### Records provided
"""
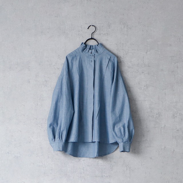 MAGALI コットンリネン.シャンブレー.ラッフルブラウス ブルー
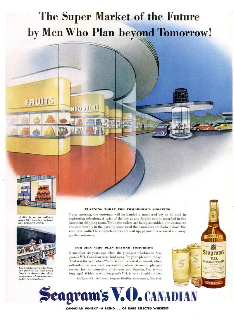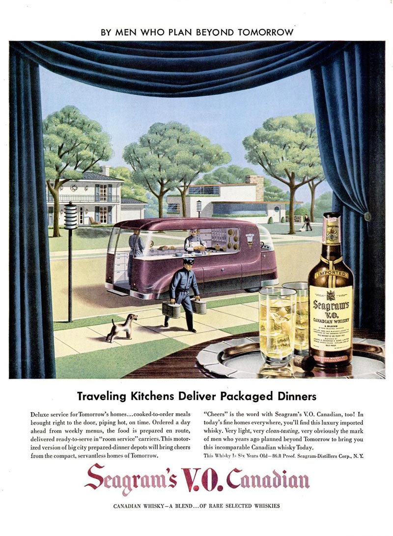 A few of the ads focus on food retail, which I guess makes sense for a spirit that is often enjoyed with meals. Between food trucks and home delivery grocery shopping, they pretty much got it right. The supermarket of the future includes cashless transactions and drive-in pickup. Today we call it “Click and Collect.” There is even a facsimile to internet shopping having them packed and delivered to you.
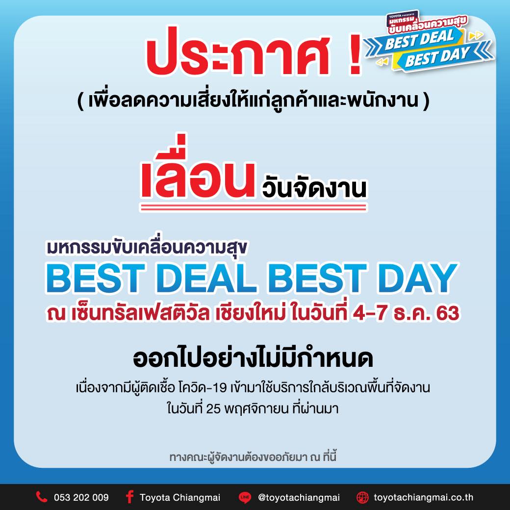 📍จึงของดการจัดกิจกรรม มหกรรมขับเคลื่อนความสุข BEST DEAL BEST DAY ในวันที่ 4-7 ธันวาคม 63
"""
"""
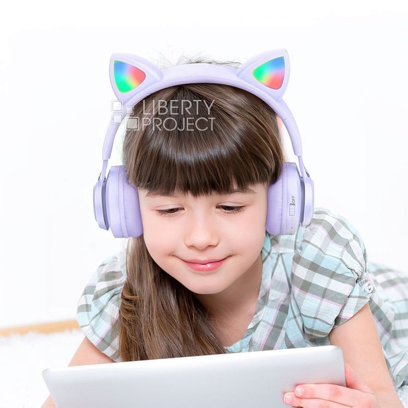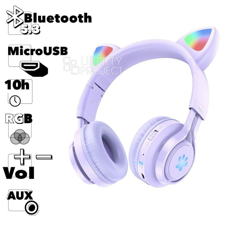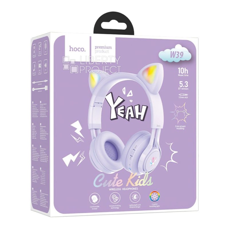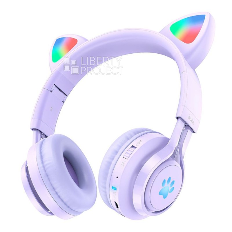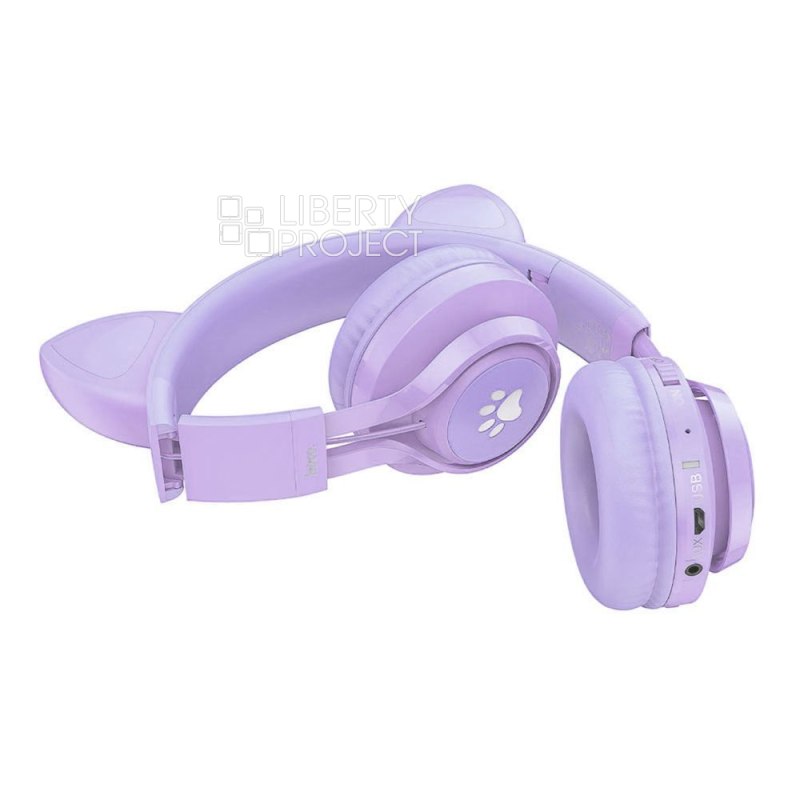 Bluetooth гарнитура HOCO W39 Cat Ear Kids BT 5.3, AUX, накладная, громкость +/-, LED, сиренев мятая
"""
### Task brief
With the pictures removed, print only the lines starting at the line that has "MAGALI コットンリネン.シャンブレー.ラッフルブラウス ブルー" and ending at the line that has "4-7 ธันวาคม 63", both ends included, exactly as they stand above.

### Written response
 MAGALI コットンリネン.シャンブレー.ラッフルブラウス ブルー
 A few of the ads focus on food retail, which I guess makes sense for a spirit that is often enjoyed with meals. Between food trucks and home delivery grocery shopping, they pretty much got it right. The supermarket of the future includes cashless transactions and drive-in pickup. Today we call it “Click and Collect.” There is even a facsimile to internet shopping having them packed and delivered to you.
 📍จึงของดการจัดกิจกรรม มหกรรมขับเคลื่อนความสุข BEST DEAL BEST DAY ในวันที่ 4-7 ธันวาคม 63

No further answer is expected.